The mosque was begun in 784 by Abd ar-Rahman, who was celebrating his victory not over the Christians of Córdoba, but the motley bunch of other Muslims who had challenged his rule in Iberia. Rahman came from the Umayyad family, who had once ruled over the largest empire the world had ever seen, but who were ousted from their capital in Damascus by their rivals, the Abbasids. Abd ar-Rahman fled into exile and made Córdoba his capital, from which he repulsed various attempts by the Abbasids to take Iberia for themselves. He ordered the Great Mosque built to celebrate this, not to celebrate the original conquest of Iberia, which he'd had nothing to do with - and this is probably why the mosque's mihrab (which determines the direction of prayer) wasn't oriented towards Mecca like in most mosques, but oriented as if it were actually situated in Damascus, Rahman's old stomping ground.
Most Islamic fundamentalists take an incredibly dim view of the Umayyads, and nor is it in their DNA to look kindly upon giant, grand mosques designed to serve as political symbols for a factional ruler either. It is hard to overstate the puritanism of Islamic fundamentalism as a movement, and its abhorrence of pomp and display (similar, of course, to the stance of some Protestants): hence the injunction against pictorial representations of the Prophet, which can be seen not only as blasphemous but also as an invitation to worship false idols. When the fundamentalist Wahhabis originally burst forth from the Arabian desert in 1806, they levelled a number of historic mosques associated with the earliest days of Islam and made a great show of destroying the Prophet's tombstone to stop fellow Muslims from "worshipping" it. This action is much more indicative of fundamentalist Islam's agenda than the construction of the Grand Mosque of Córdoba.

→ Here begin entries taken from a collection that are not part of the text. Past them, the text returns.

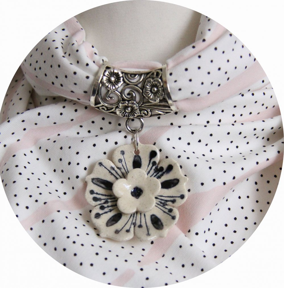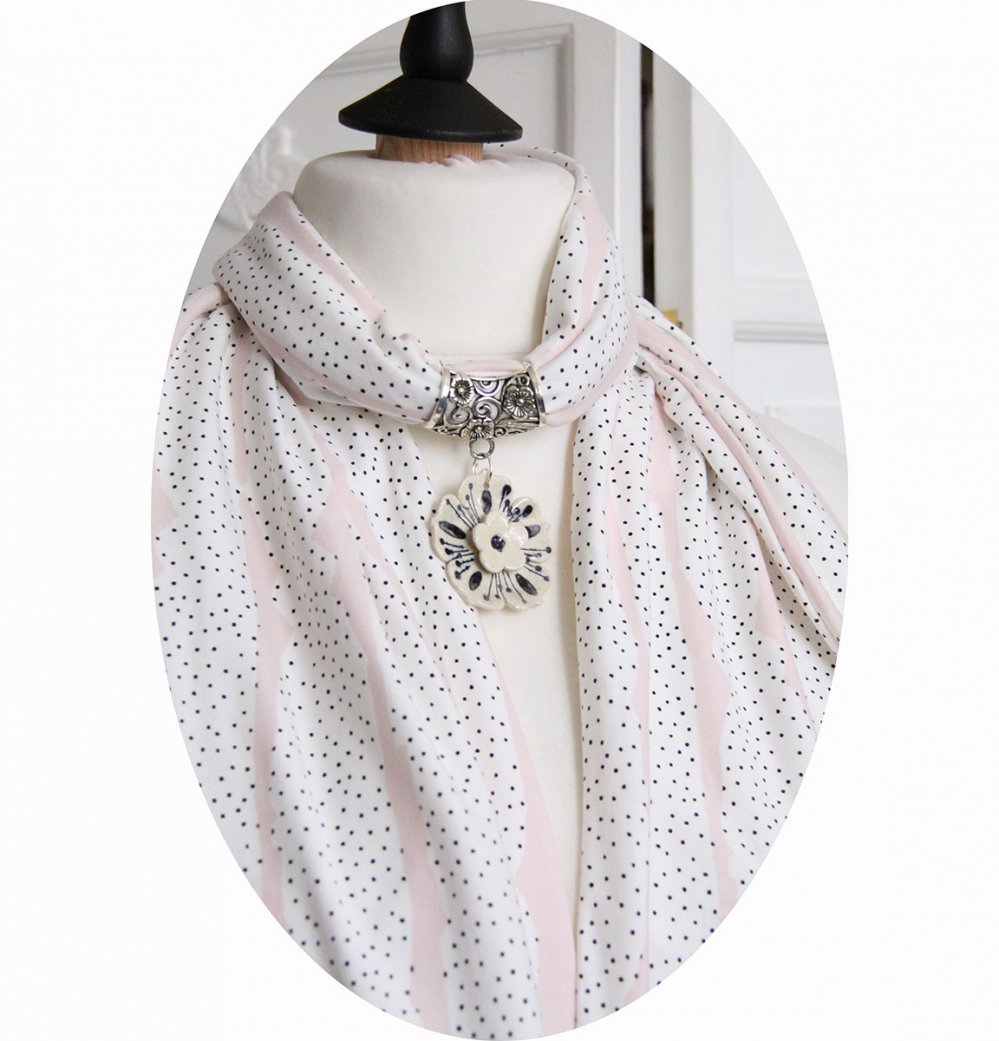 Foulard bijou en jersey de coton blanc et rose à pois noir et fleur en céramique.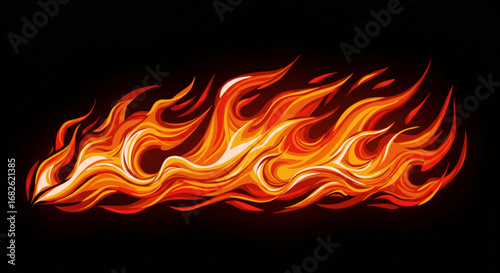 Dynamic stylized flames burning with vibrant orange and yellow hues against a dark backdrop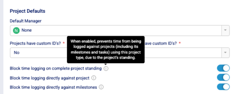 Additionally, Admins can prevent time from being logged on Projects whose status maps to a completed standing, ensuring no further time is recorded once a Project is effectively complete.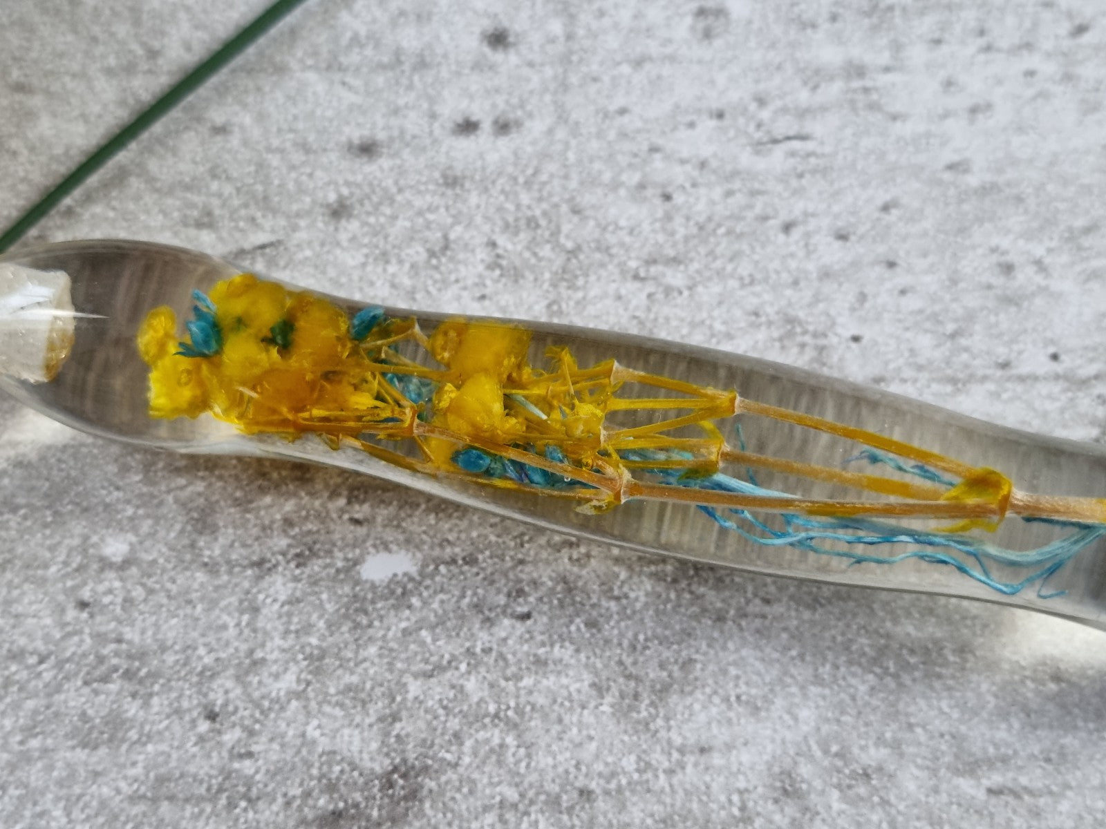 ergonomischer Diamond Painting Stift mit Blumen blau/gelb

Córdoba will remain a controversial symbol for anyone who benefits from stripping away the intricacies of its history and presenting it in only one light, whether it be fundamentalists who are drunk on stories of early Arab conquests but who ignore the messy compromises and realities that real politics entails, or western sycophants who seek to assuage post-colonial guilt by pretending that the Arab past was a utopia. Whatever else one might achieve by shining a spotlight on the history and symbolism of Córdoba, greater mutual and self-understanding - for better and worse - might just be one result.